= ANSI/ISA-95 =

International manufacturing standard

ANSI/ISA-95, or ISA-95 as it is more commonly referred, is an international standard from the International Society of Automation for developing an automated interface between enterprise and control systems. This standard has been developed for global manufacturers. It was developed to be applied in all industries, and in all sorts of processes, like batch processes, continuous and repetitive processes.

== Objectives ==
The objectives of ISA-95 are to provide consistent terminology that is a foundation for supplier and manufacturer communications, provide consistent information models, and to provide consistent operations models which is a foundation for clarifying application functionality and how information is to be used.

== Standard parts ==
There are 5 parts of the ISA-95 standard.

=== Part 1: Models and Terminology ===
ANSI/ISA-95.00.01-2000, Enterprise-Control System Integration Part 1: Models and Terminology consists of standard terminology and object models, which can be used to decide which information should be exchanged.

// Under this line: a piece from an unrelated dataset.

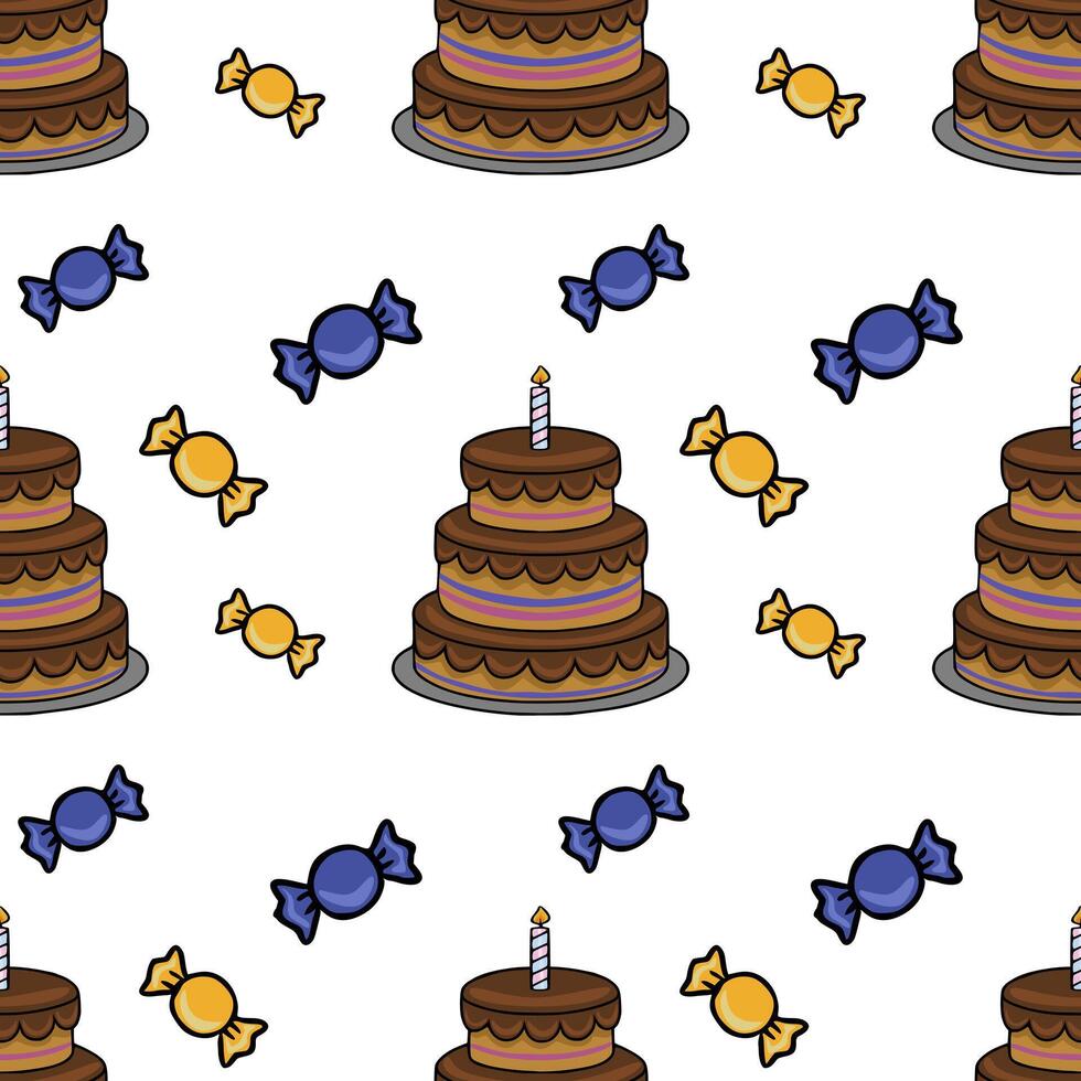 Seamless pattern featuring a delightful two-tiered chocolate birthday cake with a single candle and scattered blue and orange candies, creating a festive and cheerful design. Pro Vector

The models help define boundaries between the enterprise systems and the control systems. They help address questions like which tasks can be executed by which function and what information must be exchanged between applications. Here is a .

ISA-95 Models
- Context
- Hierarchy Models
  - Scheduling and control (Purdue)
  - Equipment hierarchy
- Functional Data Flow Model
  - Manufacturing Functions
  - Data Flows
- Object Models
  - Objects
  - Object Relationships
  - Object Attributes
- Operations Activity Models
  - Operations Elements: PO, MO, QO, IO
  - Operations Data Flow Model
    - Operations Functions
    - Operations Flows

=== Part 2: Object Model Attributes ===
ANSI/ISA-95.00.02-2001, Enterprise-Control System Integration Part 2: Object Model Attributes consists of attributes for every object that is defined in part 1. The objects and attributes of Part 2 can be used for the exchange of information between different systems, but these objects and attributes can also be used as the basis for relational databases.

=== Part 3: Models of Manufacturing Operations Management ===
ANSI/ISA-95.00.03-2005, Enterprise-Control System Integration, Part 3: Models of Manufacturing Operations Management focuses on the functions and activities at level 3 (Production / MES layer). It provides guidelines for describing and comparing the production levels of different sites in a standardized way.

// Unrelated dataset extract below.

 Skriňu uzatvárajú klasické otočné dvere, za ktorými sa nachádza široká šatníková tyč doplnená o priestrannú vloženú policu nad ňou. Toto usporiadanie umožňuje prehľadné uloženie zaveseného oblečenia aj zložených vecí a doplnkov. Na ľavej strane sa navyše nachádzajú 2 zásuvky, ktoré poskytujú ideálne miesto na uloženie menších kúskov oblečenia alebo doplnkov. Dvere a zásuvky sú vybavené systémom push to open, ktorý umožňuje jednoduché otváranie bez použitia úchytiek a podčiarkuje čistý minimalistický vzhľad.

=== Part 4: Object models and attributes for Manufacturing Operations Management ===
ISA-95.00.04 Object Models & Attributes Part 4 of ISA-95: "Object models and attributes for Manufacturing Operations Management"
The SP95 committee is yet developing part 4 of ISA-95, which is entitled "Object Models and Attributes of Manufacturing Operations Management". This technical specification defines object models that determine which information is exchanged between MES activities (which are defined in part 3 by ISA-95). The models and attributes from part 4 are the basis for the design and the implementation of interface standards and make sure of a flexible lapse of the cooperation and information-exchange between the different MES activities.

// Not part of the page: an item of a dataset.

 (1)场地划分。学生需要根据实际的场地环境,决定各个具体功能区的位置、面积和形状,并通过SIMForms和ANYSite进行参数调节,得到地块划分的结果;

=== Part 5: Business to manufacturing transactions ===
ISA-95.00.05 B2M Transactions Part 5 of ISA-95: "Business to manufacturing transactions" Also part 5 of ISA-95 is yet in development. This technical specification defines operation between office and production automations-systems, which can be used together with the object models out part 1 & 2. The operations connect and organise the production objects and activities that are defined through earlier parts of the standard. Such operations take place on all levels within a business, but the focus of this technical specification lies on the interface between enterprise- and control systems. On the basis of models, the operation will be described and becomes the operation processing logically explained.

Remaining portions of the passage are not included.